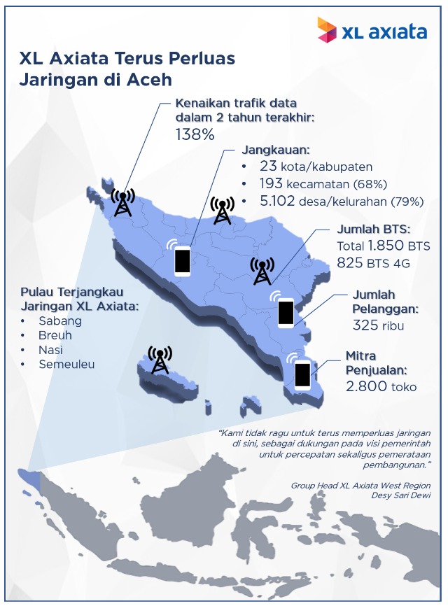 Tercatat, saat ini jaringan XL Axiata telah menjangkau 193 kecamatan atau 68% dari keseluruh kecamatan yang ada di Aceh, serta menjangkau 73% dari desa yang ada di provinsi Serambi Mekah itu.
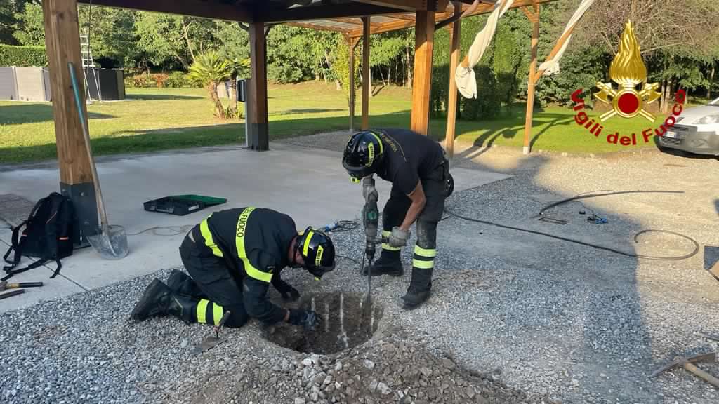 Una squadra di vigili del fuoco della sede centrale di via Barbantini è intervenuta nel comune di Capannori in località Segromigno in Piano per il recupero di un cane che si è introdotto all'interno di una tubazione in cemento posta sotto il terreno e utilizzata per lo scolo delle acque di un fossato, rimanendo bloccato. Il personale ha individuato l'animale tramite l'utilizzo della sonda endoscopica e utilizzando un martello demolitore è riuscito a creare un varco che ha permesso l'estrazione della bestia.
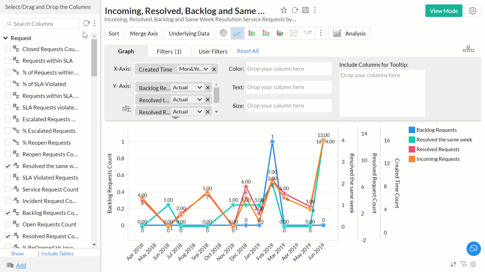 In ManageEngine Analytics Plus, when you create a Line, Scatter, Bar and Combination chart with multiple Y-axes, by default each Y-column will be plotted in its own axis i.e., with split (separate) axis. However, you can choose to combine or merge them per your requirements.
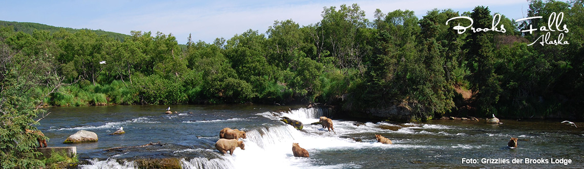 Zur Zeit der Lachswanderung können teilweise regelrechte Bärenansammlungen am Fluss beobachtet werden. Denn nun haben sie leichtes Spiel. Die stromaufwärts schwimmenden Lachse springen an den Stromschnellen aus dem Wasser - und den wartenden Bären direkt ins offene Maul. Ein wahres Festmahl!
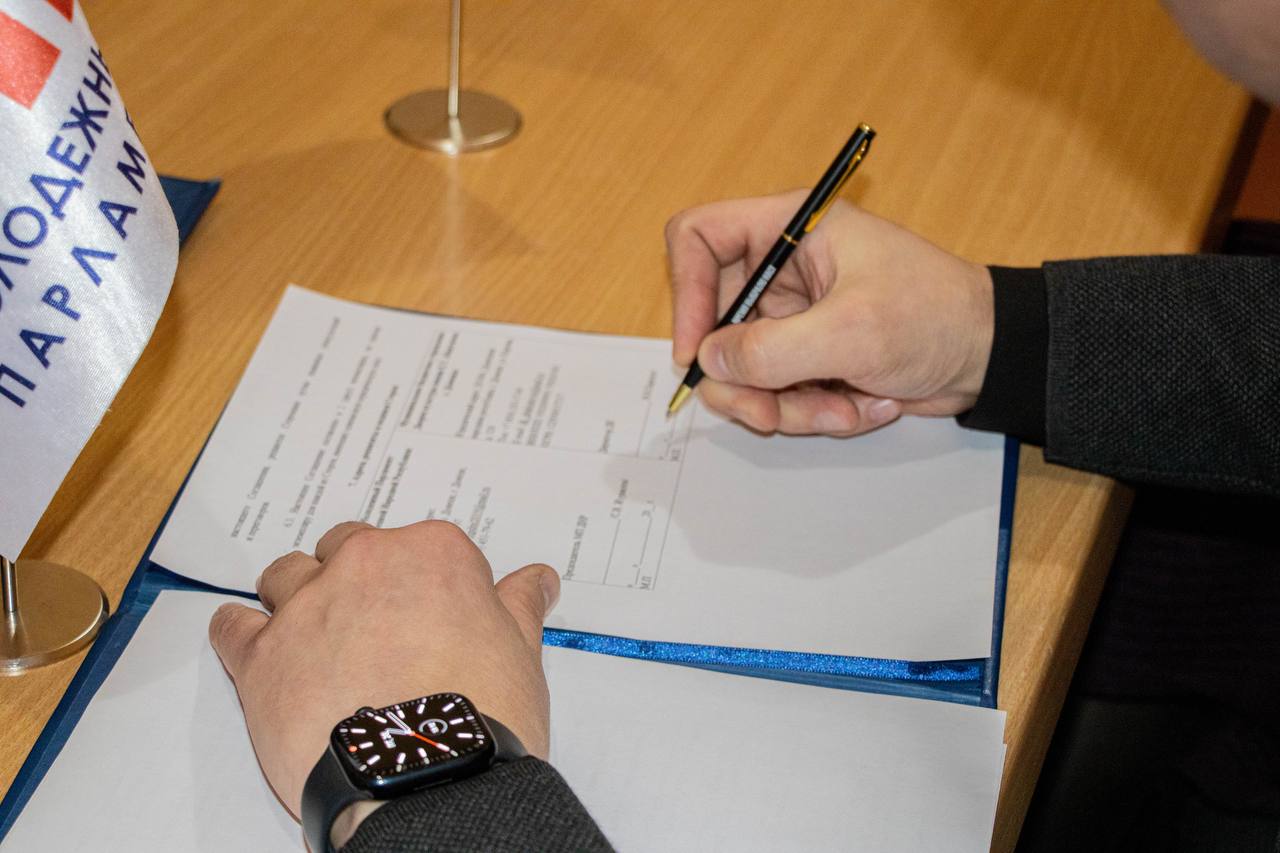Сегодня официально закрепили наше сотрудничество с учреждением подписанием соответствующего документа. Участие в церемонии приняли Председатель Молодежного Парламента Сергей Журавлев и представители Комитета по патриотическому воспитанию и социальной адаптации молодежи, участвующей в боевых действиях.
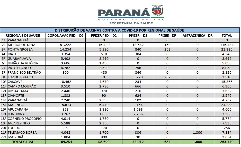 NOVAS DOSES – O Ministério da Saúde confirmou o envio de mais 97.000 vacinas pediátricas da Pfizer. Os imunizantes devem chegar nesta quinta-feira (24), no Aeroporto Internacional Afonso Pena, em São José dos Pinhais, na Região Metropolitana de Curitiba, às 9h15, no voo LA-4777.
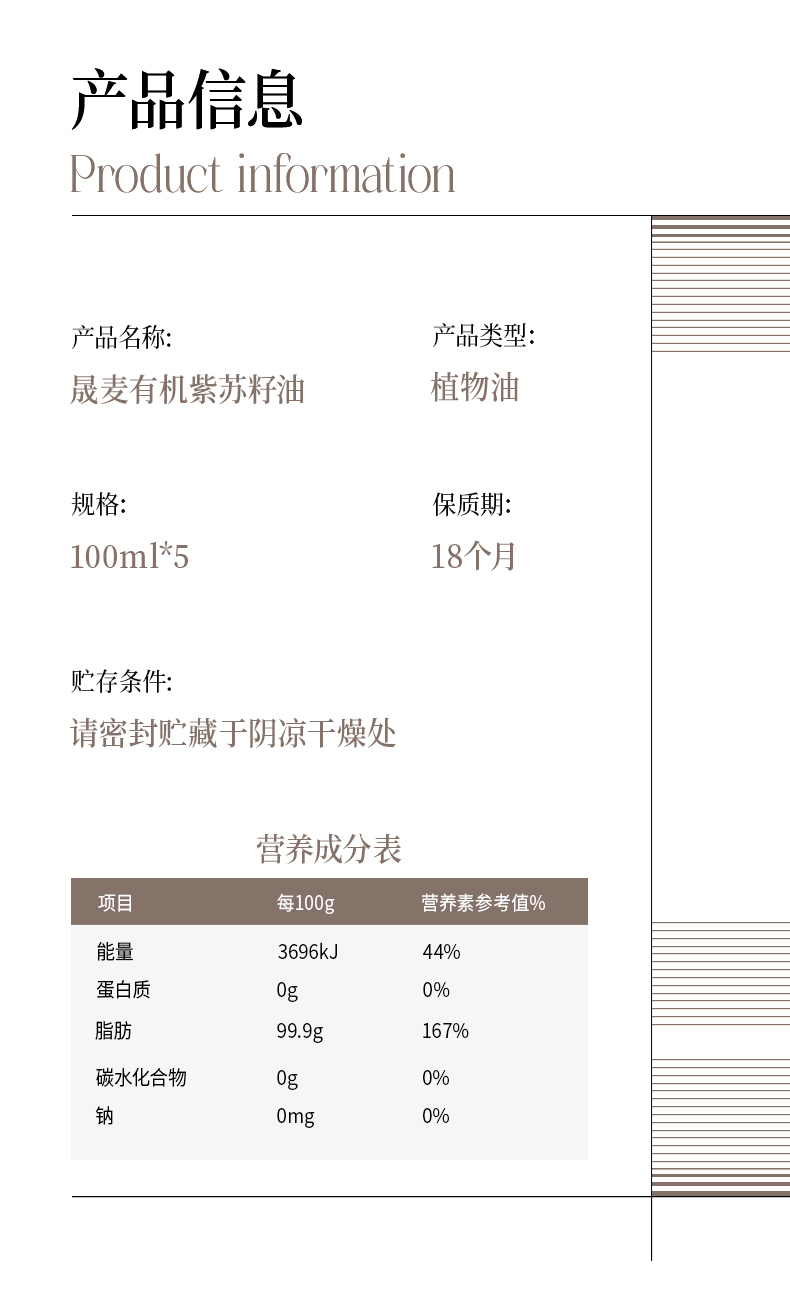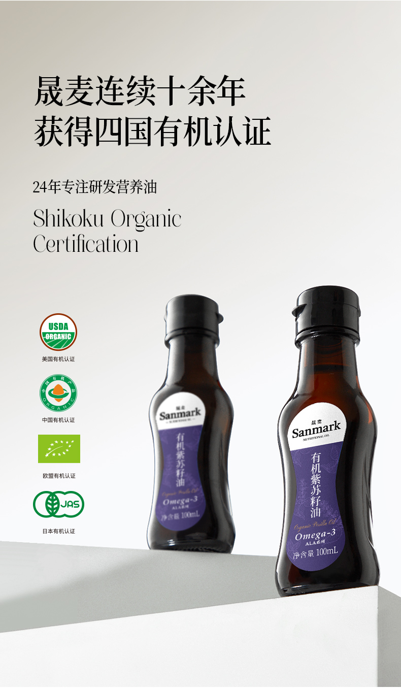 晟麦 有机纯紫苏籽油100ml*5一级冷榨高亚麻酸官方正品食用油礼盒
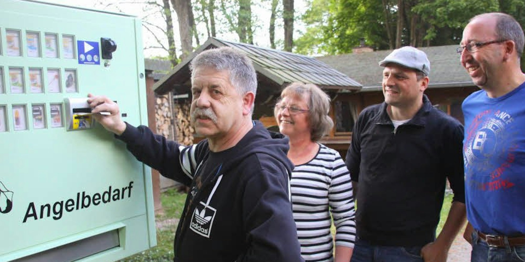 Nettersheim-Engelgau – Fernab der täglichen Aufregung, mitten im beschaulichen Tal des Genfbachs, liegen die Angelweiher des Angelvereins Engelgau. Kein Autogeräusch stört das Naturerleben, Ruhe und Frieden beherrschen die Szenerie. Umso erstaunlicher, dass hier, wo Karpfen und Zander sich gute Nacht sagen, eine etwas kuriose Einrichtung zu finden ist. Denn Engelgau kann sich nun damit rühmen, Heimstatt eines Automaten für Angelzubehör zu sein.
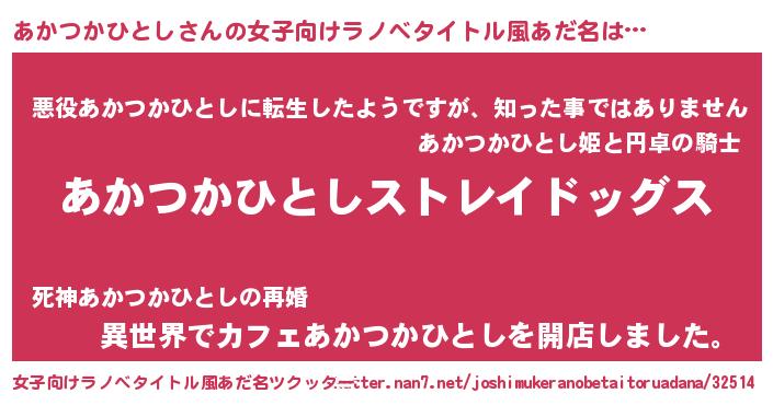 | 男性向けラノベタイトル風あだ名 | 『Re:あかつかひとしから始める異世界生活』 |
● ● ●
*PROBLEM TO SOLVE*. The answer should consist solely of the lines from the one containing "NOVAS DOSES –" through the last line of the material, copied exactly, with pictures left out.

*TASK OUTPUT*.
 NOVAS DOSES – O Ministério da Saúde confirmou o envio de mais 97.000 vacinas pediátricas da Pfizer. Os imunizantes devem chegar nesta quinta-feira (24), no Aeroporto Internacional Afonso Pena, em São José dos Pinhais, na Região Metropolitana de Curitiba, às 9h15, no voo LA-4777.
 晟麦 有机纯紫苏籽油100ml*5一级冷榨高亚麻酸官方正品食用油礼盒
 Nettersheim-Engelgau – Fernab der täglichen Aufregung, mitten im beschaulichen Tal des Genfbachs, liegen die Angelweiher des Angelvereins Engelgau. Kein Autogeräusch stört das Naturerleben, Ruhe und Frieden beherrschen die Szenerie. Umso erstaunlicher, dass hier, wo Karpfen und Zander sich gute Nacht sagen, eine etwas kuriose Einrichtung zu finden ist. Denn Engelgau kann sich nun damit rühmen, Heimstatt eines Automaten für Angelzubehör zu sein.
 | 男性向けラノベタイトル風あだ名 | 『Re:あかつかひとしから始める異世界生活』 |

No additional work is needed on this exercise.